### DESCRIPTION OF THE TASK
In this exercise, print only the lines of the records below from the one with "कल दुनिया के" through the one with "赤ちゃんの性別を問わず贈れる", inclusive. Pictures are not part of the copy.

### ENTRIES SHOWN
· · · ·

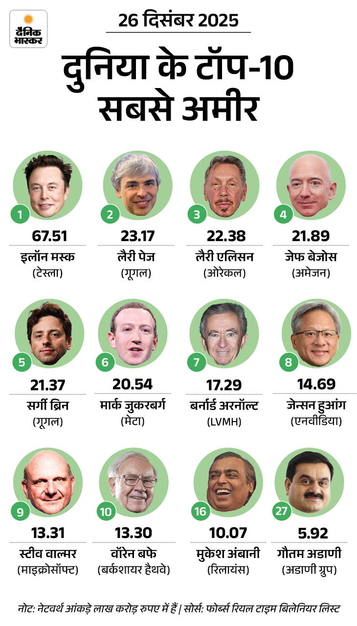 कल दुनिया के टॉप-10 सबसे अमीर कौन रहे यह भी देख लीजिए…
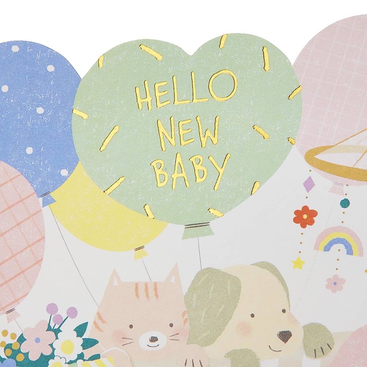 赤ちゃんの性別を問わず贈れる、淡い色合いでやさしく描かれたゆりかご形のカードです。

· · · ·

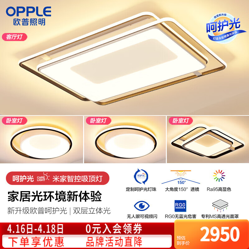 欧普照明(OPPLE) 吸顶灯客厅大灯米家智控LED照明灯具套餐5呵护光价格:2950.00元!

· · · ·

### COMPLETED EXERCISE
 कल दुनिया के टॉप-10 सबसे अमीर कौन रहे यह भी देख लीजिए…
 赤ちゃんの性別を問わず贈れる、淡い色合いでやさしく描かれたゆりかご形のカードです。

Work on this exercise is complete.